While Western art cinema draws the flashbulbs at Cannes, contemplative works from China, Taiwan, and Hong Kong leave the festival glowing in klieg lights from the East

So many choices, so little time. Every cut and every camera move in the film seem to draw the director, his characters, and his audience into a kind of shared lament for the infinitesimal decision that has just been made, and can never be made again. No wonder Leung's character is a newspaper editor: His career is predicated on making choices that can never be reversed once the copy goes to press. And how understandable it is that Wong found it so difficult to finish this project. Not since the most ambitious work of Kubrick and Scorsese have the theme and style of a film so strongly matched its maker's hyperobsessive methods.

Not wanting to let its own brief moment of opportunity slip away, the American art-film distributor USA Films purchased In the Mood for Love several days ago, sight unseen--which means that it will likely show up in theaters sometime this winter, in time to qualify for year-end awards.

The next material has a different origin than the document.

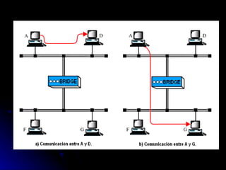 El documento describe las funciones y características de un puente de red. Un puente conecta dos redes que usan el mismo protocolo y funciona en la capa de enlace de datos (capa 2) para filtrar y reenviar tramas entre redes. Al almacenar las direcciones MAC de los equipos, un puente puede determinar en qué lado de la red se encuentran el emisor y el destinatario de una trama y decidir si reenviarla o no entre redes.
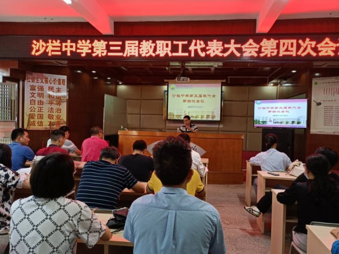 5 月 23 日上午,伴随着雄壮嘹亮的国歌声,中山市沙栏初级中学第三届教代会第四次会议在该校“和美”楼三楼会议室召开。大会由学校党总支书记、校长梁炳华主持,行政代表、级组长代表、班主任代表、科组长、备课组长、普通教师代表等31人参加了会议。

As for whether the movie will attract a larger stateside audience than the director's Chungking Express and Fallen Angels, it seems unlikely--and unlikely to matter much in the context of Wong's sizable international reputation as a genius.

Still, the desire to catapult the filmmaker to the proverbial "next level" is palpable: During the roundtable interview, one writer asks Wong whether he'd consider making a movie in Hollywood.

"Well, it has to be mutual," he replies. "I'm not sure that a producer in the West would like to work with a guy who has no script, who has no schedule. So even though I want to, it's not easy. I'd better continue to work in my own way. Hollywood has certain requirements. To work in Hollywood, you have to be Hollywood, you know? It's not that you have to be American, but you have to be Hollywood--you have to speak that language."

And in the end, this sentiment may be what best defines the year at Cannes. For while the currency of international film--the greenback--spoke loudly as usual, directors such as Wong, Yang, and Jiang insisted on communicating in that richer language of cinema.